(Data in this exercise)

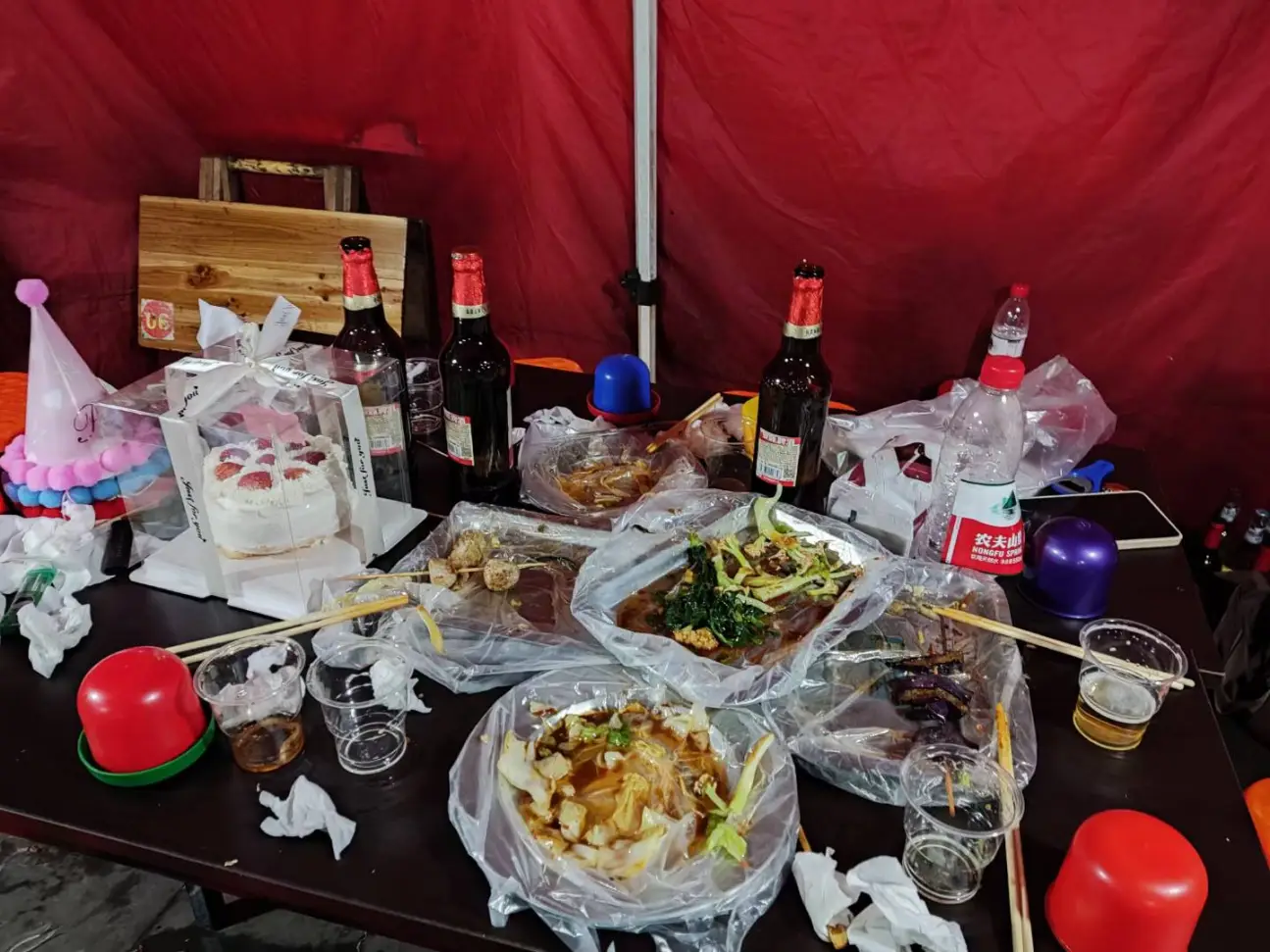 拿着外卖回寝室的路上,身后跟着一群狗,都朝手里的外卖摇尾巴。
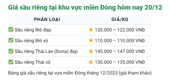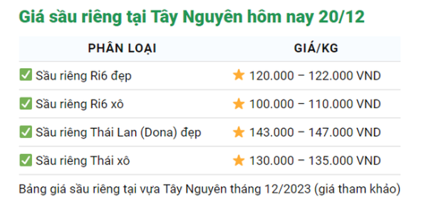 Dưới đây là bảng giá sầu riêng hôm nay 20/12. Tùy theo độ dài đường vận chuyển hay khu vực vận chuyển mà giá sầu riêng sẽ có sự chênh lệch ít nhiều.
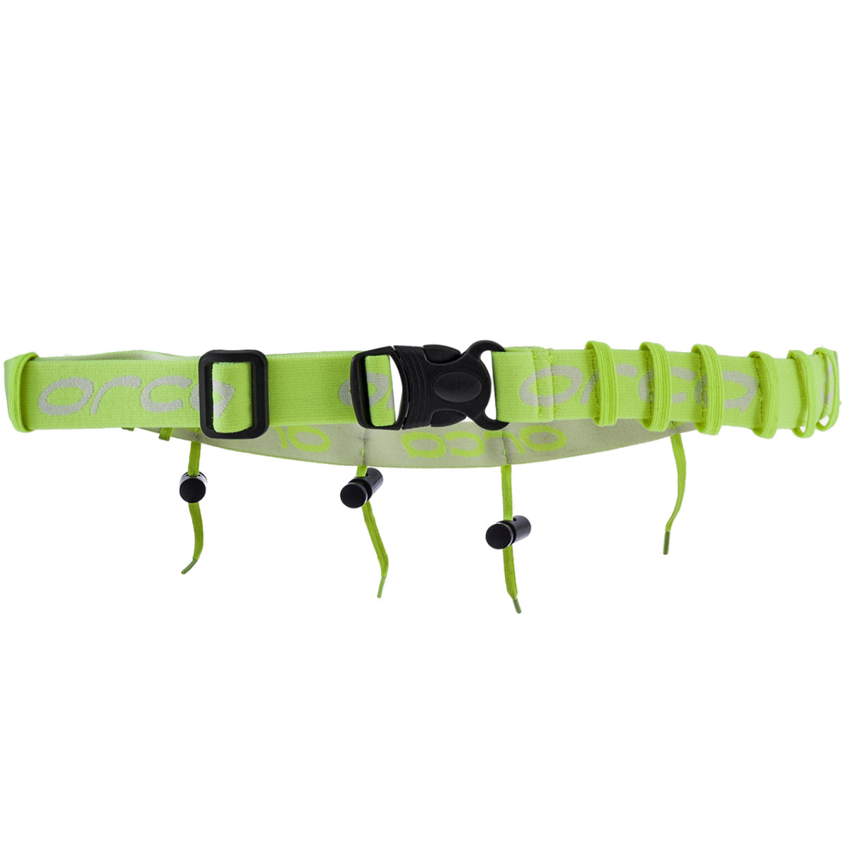 Orca Racebelt viene con cordones para mantener su número de carrera y cualquier gel en su lugar, asegurándolos horizontalmente, para evitar que reboten o se pierdan. Con la correa central ajustable, se ajusta perfectamente a cualquier talla de cintura. Un accesorio imprescindible para todo triatleta.
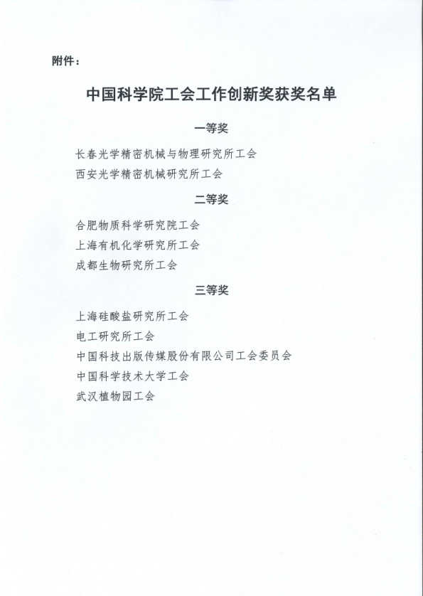 中国科学院工会委员会关于表彰中国科学院2019年工会工作创新奖的决定
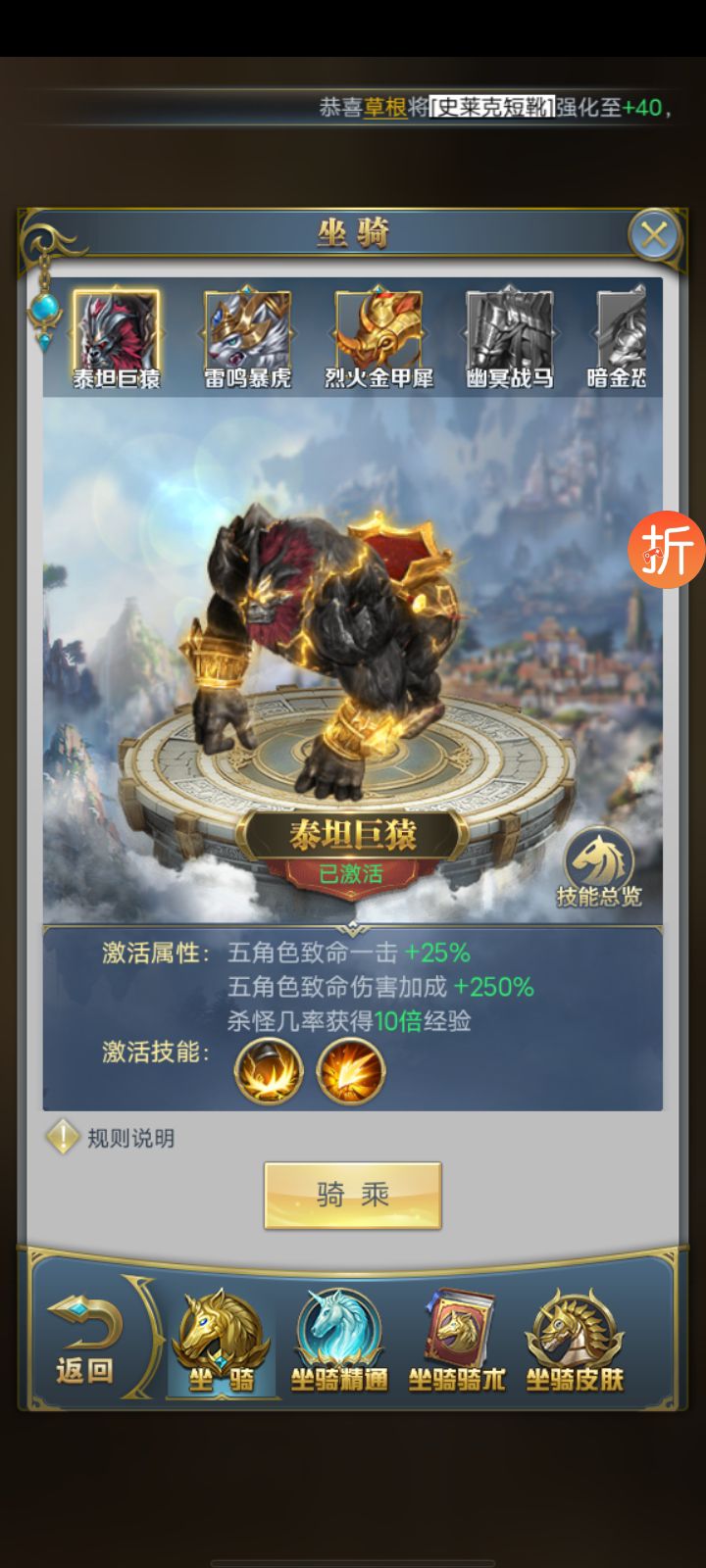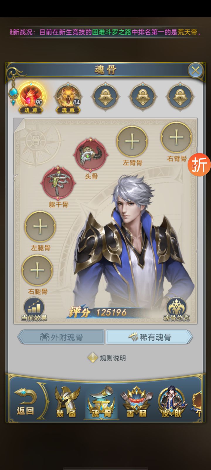 卖家描述: 84万战力一颗魂兽内丹,两块十万年魂骨,坐骑泰坦巨猿,烈火金甲犀,雷鸣爆虎
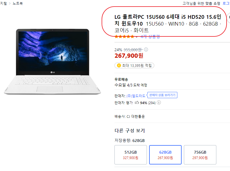 LG 울트라PC 15U560 6세대 i5 HD520 15.6인치 윈도우10 15U560 · WIN10 · 8GB · 628GB · 코어i5 · 화이트
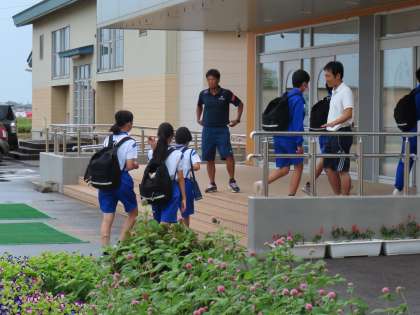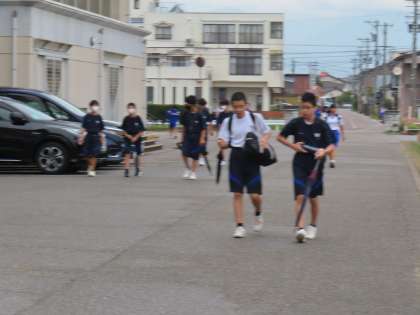 9月21日(木)「登校風景」 公開日 2023/09/21 更新日 2023/09/21 学校生活 おはようございます。 今日は曇り空。ぽつぽつと雨粒が落ちています。 体育服ではつらつと登校する生徒たちです。
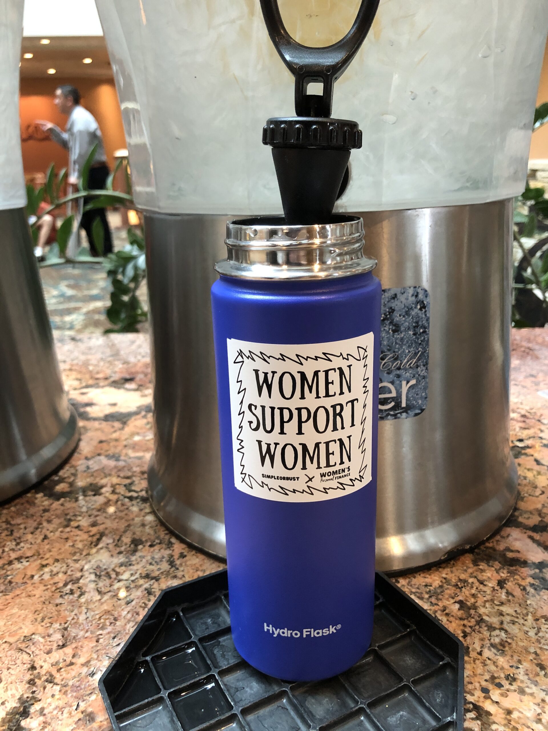 2. Our hotel room offers $5 bottles of water, but I'll ignore their existence as there's handy free ice water dispensers in the lobby. Perfect opportunity to show off my "Women Support Women" sticker from Women's Personal Finance.
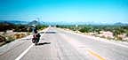 From Wickenburg I rode alone for the next 40 miles on a very boring and dangerous stretch of US 60 into Phoenix. There was a wide shoulder, but I rode close to the white line to avoid all the broken glass and blown tires. A couple of semis passed very close, and most of the vehicles were going 65-70 mph. I made good time because the road was flat and the headwind had stopped. The mountains on the opposite side of Phoenix were barely visible through the haze that hangs over the city. I was appreciating the past week of fresh air and clear skies.
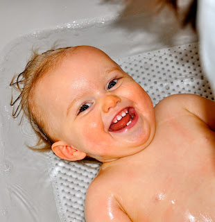 When we got home we went to play outside. We’ve been taking walks in the stroller a lot lately since the weather has been so nice, but Miss hasn’t really been out to run around in the yard yet this spring, so we just took some time to play in the front yard. She loved walking on the driveway and looking at all the interesting things to see. It took her a while to get used to the feel of the asphalt and the grass. The first few times she fell on her butt she didn’t want to touch the asphalt to stand back up. She also had to take some time to decide whether she liked the grass or not. She ultimately decided that both were okay, and she got good and dirty pulling out grass, digging a little dirt, picking up as many sticks as she could carry, and trying to catch ants. We took two walks and spent the entire afternoon outside until it was time to come in for dinner. The we had a bath and she conked out. It was such a wonderful day.
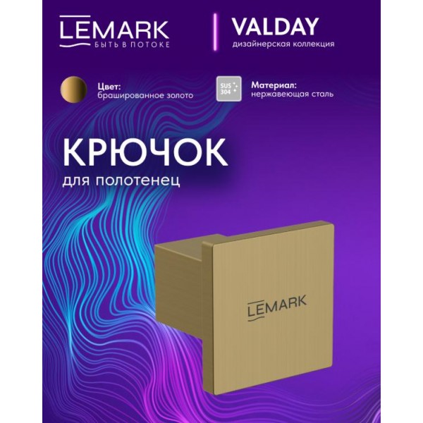 Крючок для полотенец Lemark Валдай_Valday, сталь, брашированное золото
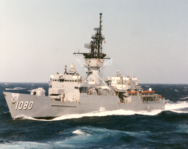 U.S. Navy Fast Frigate USS Paul (FF-1080) operating in the Mediterranean Sea
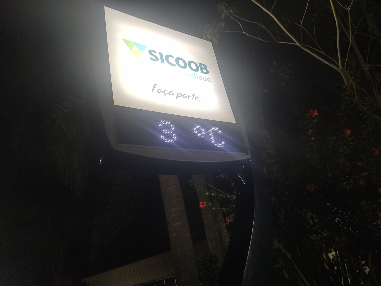 Temperaturas mais frias foram registradas nessa sexta feira em Pres. Castello Branco chegando a 3º graus no centro da Cidade.
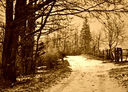 Edytor tapety: Ogrodzenie wzdłuż drogi pośród drzew
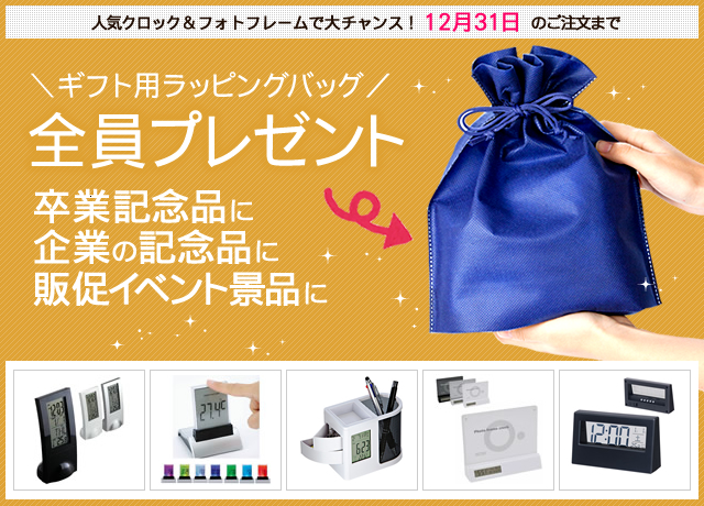 卒業記念品や企業の記念品、販促イベント景品などにピッタリなギフト用ラッピングバッグをプレゼント!12月31日までの期間中、対象商品のご注文で全員にもれなくお届けします!もちろん送料も弊社負担。このチャンスをお見逃しなく。

(End Data in this exercise)

Problem: Only the lines from the start of the records to the one containing "9月21日(木)「登校風景」 公開日 2023/09/21" should be repeated, exactly and with both ends kept; drop any pictures.

Final answer:
 拿着外卖回寝室的路上,身后跟着一群狗,都朝手里的外卖摇尾巴。
 Dưới đây là bảng giá sầu riêng hôm nay 20/12. Tùy theo độ dài đường vận chuyển hay khu vực vận chuyển mà giá sầu riêng sẽ có sự chênh lệch ít nhiều.
 Orca Racebelt viene con cordones para mantener su número de carrera y cualquier gel en su lugar, asegurándolos horizontalmente, para evitar que reboten o se pierdan. Con la correa central ajustable, se ajusta perfectamente a cualquier talla de cintura. Un accesorio imprescindible para todo triatleta.
 中国科学院工会委员会关于表彰中国科学院2019年工会工作创新奖的决定
 卖家描述: 84万战力一颗魂兽内丹,两块十万年魂骨,坐骑泰坦巨猿,烈火金甲犀,雷鸣爆虎
 LG 울트라PC 15U560 6세대 i5 HD520 15.6인치 윈도우10 15U560 · WIN10 · 8GB · 628GB · 코어i5 · 화이트
 9月21日(木)「登校風景」 公開日 2023/09/21 更新日 2023/09/21 学校生活 おはようございます。 今日は曇り空。ぽつぽつと雨粒が落ちています。 体育服ではつらつと登校する生徒たちです。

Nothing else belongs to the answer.